According The Wall Street Journal, Pope Francis ”broached the delicate question of how he would respond to learning that a cleric in his ranks was gay, though not sexually active.” His response was, for lack a better descriptor, Christ-like.
“Who am I to judge a gay person of goodwill who seeks the Lord? You can’t marginalize these people.”
To me and you, this may seem like the obvious answer, but it’s fairly revolutionary for the leader of the Catholic Church. In fact, this is the first time that any pope has defended gay priests. As WSJ points out,
For decades, the Vatican has regarded homosexuality as a “disorder,” and Pope Francis’ predecessor Pope Benedict XVI formally barred men with what the Vatican deemed “deep-seated” homosexuality from entering the priesthood.
A group that can be marginalized, however, are women in the Catholic Church. There is a movement in the Church to begin ordaining women as priests, and it has been met with resistance from Church authorities. When asked about the possibility of ordaining women, Pope Francis passed the blame to Pope John Paul II.

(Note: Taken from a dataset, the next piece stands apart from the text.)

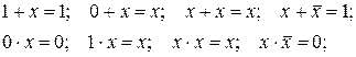 Для преобразования алгебраических выражений используются следующие тождества и законы математической логики:
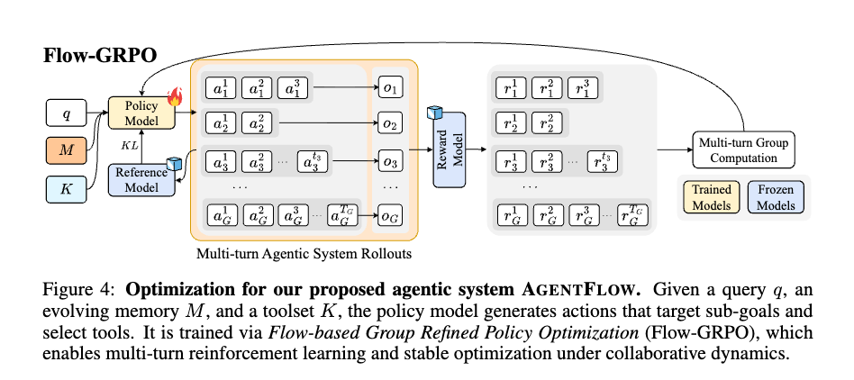 - 長期にわたる、報酬が疎な設定下で安定したオンポリシー学習を可能にするために、FlowGRPOを導入した。これは、単一の検証可能な軌道レベルの結果をすべてのターンにブロードキャストし、グループ正規化されたアドバンテージでクレジット割り当てを安定させることによって、複数ターンのRLを扱いやすい単一ターンのポリシー更新のシーケンスに変換する。

Women, he said, couldn’t be ordained as priests, because the issue had been “definitively” settled by Pope John Paul II. However, the pope wanted to develop a “theology of the woman,” in order to expand and deepen their involvement in the life of the church.
Pope Francis didn’t elaborate on his plan to create this “theology of the woman,” but I’m not sure why the Catholic Church is so gun-shy about ordaining women. If women are capable of being nuns (which, according to Sister Act 1 & 2 entails a life of poverty, chastity, obedience, and helping inner city residents through the power of music), what is it that makes them incapable of taking confessions, offering communion, and serving the Church as priests? As always with any religious organization, progress comes in baby steps and moves decades behind the rest of the world.
Who wants to take bets on when we’ll hear positive, contraception-related news coming out of the Catholic Church?